Why is conversational speech recognition much more difficult than read
speech (such as Broadcast News, Wall Street Journal, etc)? Simply put,
there are many more factors that come into play when humans converse
naturally than when a person is reading prepared text. Added to this
is the effect of telephone bandwidth and line noise. To demonstrate
this, we have prepared a
set of examples
illustrating the varying difficulty levels of speech recognition tasks.

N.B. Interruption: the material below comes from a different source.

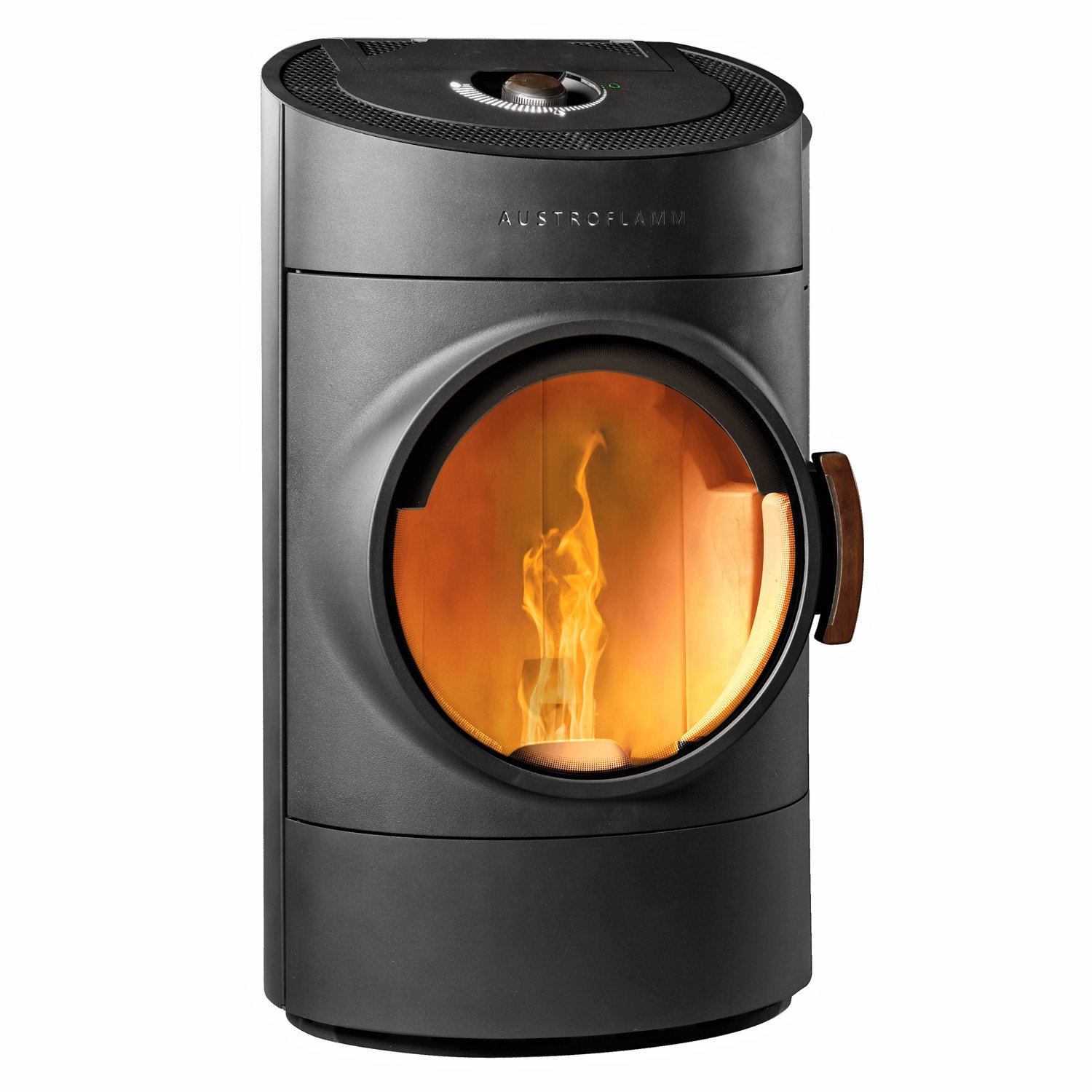 Der Austroflamm Clou ist ein moderner Pelletofen mit einzigartigem Runddesign, großer Bullaugen-Sichtscheibe und eleganten Nussholz-Details. Mit 10 kW Leistung, integriertem Raumthermostat, externem Luftanschluss und optionaler WLAN-Steuerung bietet er höchste Effizienz, Komfort und Design für Ihr Zuhause.

The main factors contributing to the difficulty of SWITCHBOARD
recognition are:
-
Conversational Speaking Style: The language model is
effected due to
disfluencies
, syntactic and
discourse
patterns, and linguistic incoherence of automatic
segmentation. Of particular difficulty are the false starts,
interruptions, and bad grammar.
-
Pronunciation Effects:
Speaking rate variability and
reduced pronunciations
of conversational speech are difficult enough for human recognition,
and they only compound the already difficult task of automatic speech
recognition. A key issue in this problem is the poor correspondence
between pauses and phrase boundaries.
-
Telephone Bandwidth and Ambient Noise: The
limited bandwidth of telephone
degrades the original speech signal making acoustic discrimination
a challenge. Crosstalk, background speech, and ambient noise like
music and television all contribute to an increased error rate in
automatic recognition. Remarkably, humans do a very good job of
filtering out these types of noise, while our current statistical
modeling techniques fall far short.
-
Training Data: A wealth of accurately transcribed training data
is necessary to produce good acoustic and language models.
Unfortunately, the aforementioned problems are not a problem only
during automatic recognition, they also come into play when humans
are transcribing the data. A few good examples of these problems can
be found on the SWITCHBOARD resegmentation project
FAQ.